As is often the case with broad-based corrections, some stocks with lesser regulatory risk have also been sold off, presenting opportunities. This includes some smaller companies that could actually be beneficiaries since most of the new regulation focuses on larger companies. As I have added to some long positions, and closed some of the short positions, net gearing for the portfolio has increased, and at the time of writing is around 123%.
Despite the market correction, I also continue to feel positive about the outlook for the unlisted portion of the portfolio and the progress being made in the respective businesses. This includes new unlisted holdings including Tuhu Car, the number one brand for independent auto aftermarket product and services in China; Cutia Therapeutics, an emerging leaders in the dermatology and medical aesthetics space in China and Beijing Beisen, a first-class HRM (human resources management) software company and a clear market leader due to its superior cloud and integrated solutions for talent management.
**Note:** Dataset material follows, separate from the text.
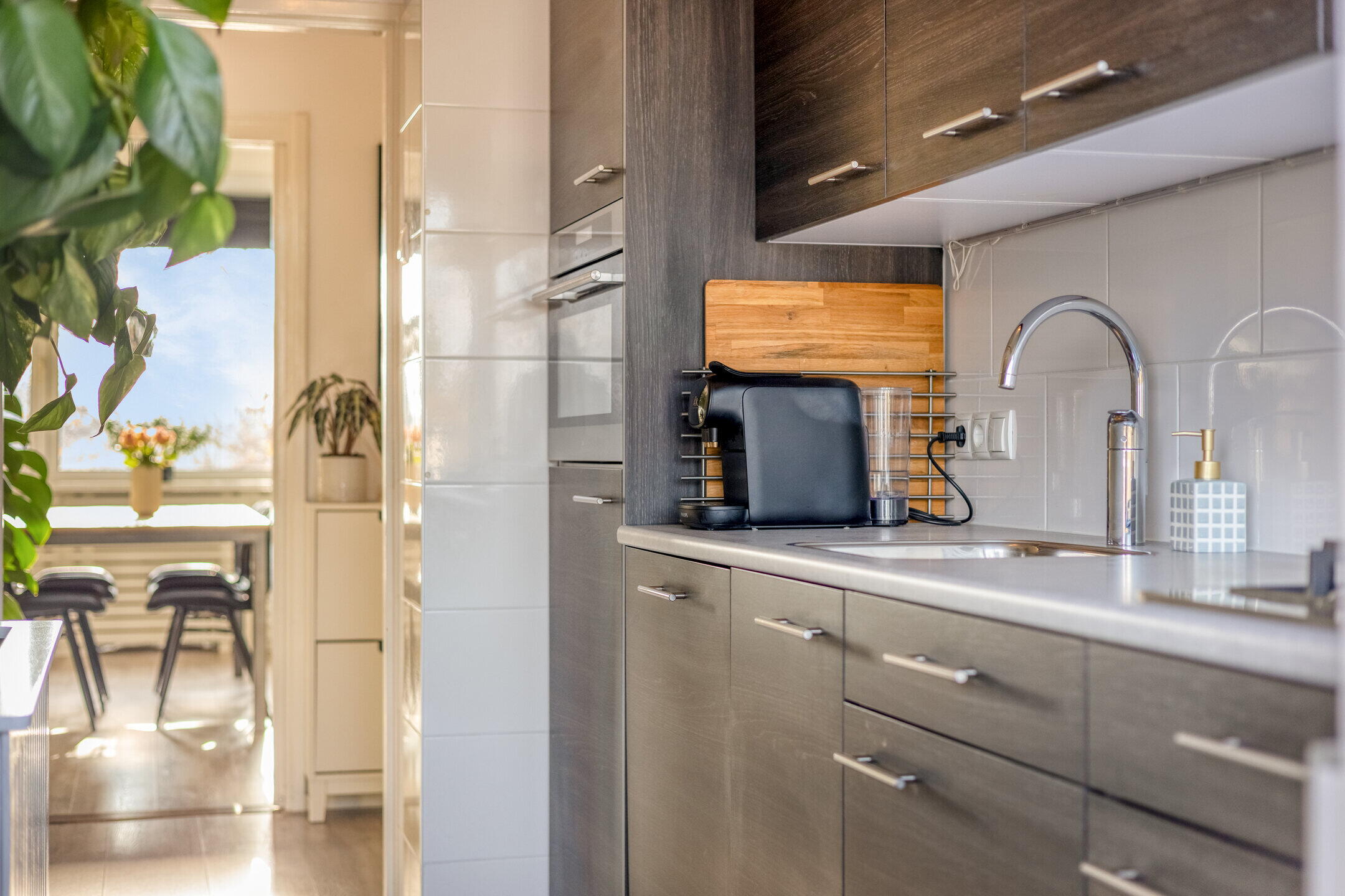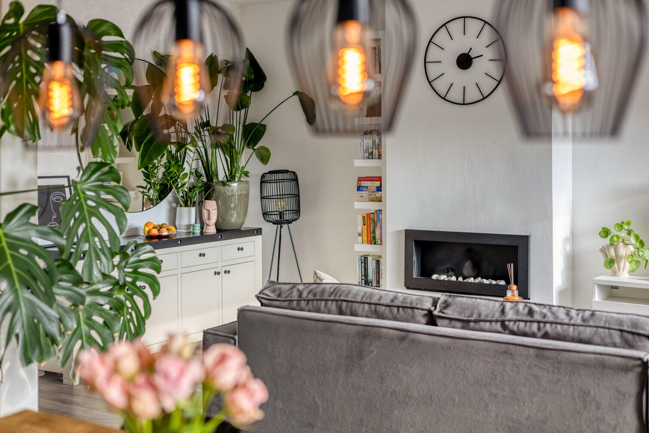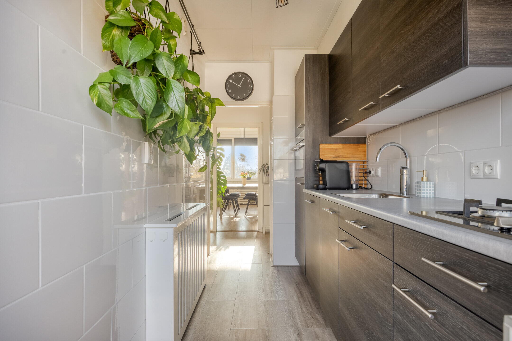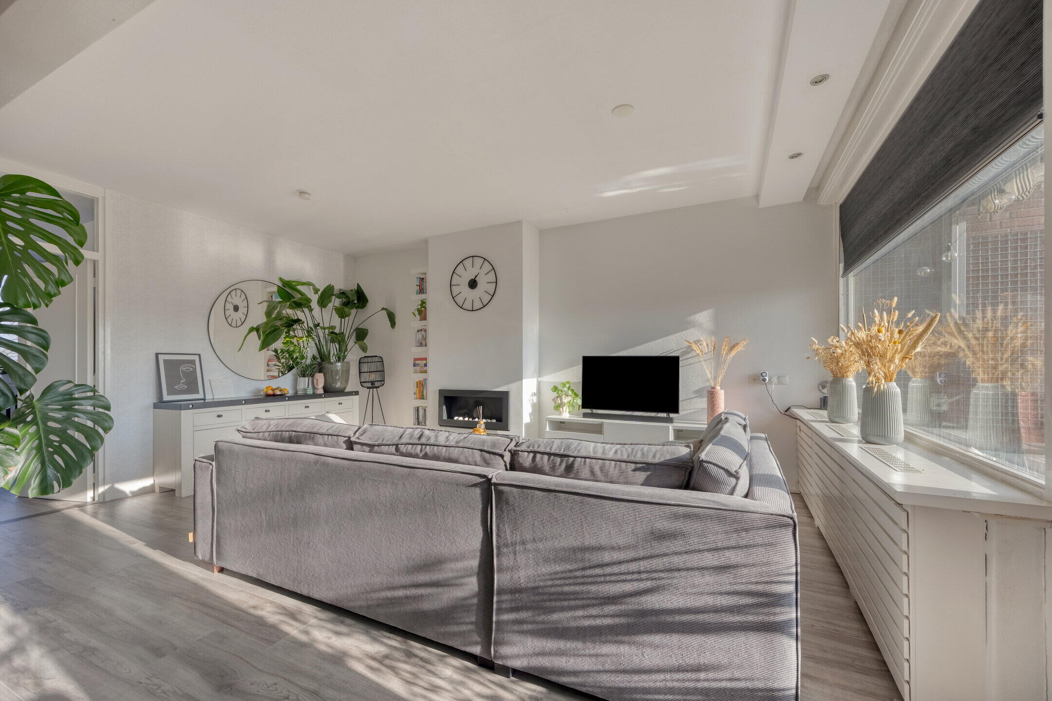 De woonkamer is een plaatje! Sfeervol, ruim en heerlijk licht dankzij de grote raampartijen. De haard op bio ethanol zorgt voor extra gezelligheid en er is meer dan genoeg ruimte voor een grote loungebank én een royale eettafel. Vanuit de woonkamer loop je zo het eerste balkon op, compleet met zonnescherm — perfect voor lange zomeravonden. De moderne keuken is bereikbaar via de hal en voorzien van diverse inbouwapparatuur. Hier vind je alles wat je nodig hebt om met plezier te koken. Ook heb je toegang tot het tweede balkon: ideaal voor een kop koffie in de ochtendzon.

It clearly has been a volatile period, but we have seen times like this before, and most likely will see them again. While the combination of the risks I have outlined is negatively impacting sentiment towards China currently, history teaches us that these are usually the periods that offer the most attractive opportunities. Corporate earnings for the market are forecast to grow over 15% for the next twelve months, with the Company's portfolio comfortably above this level. Meanwhile, the market overall is trading on a price earning multiple that is attractive relative to history and relative to other stock markets globally.
As always, the key thing will be individual companies' ability to deliver on their earnings potential over time. Our growing team continues to be active on the ground, engaging with companies and understanding how they are navigating any shifts in the operating landscape, naturally including regulatory change. This in-depth analysis gives us conviction to act and capitalise, in terms of both adding to existing holdings and seeking new ones - both in the listed and unlisted areas of the market.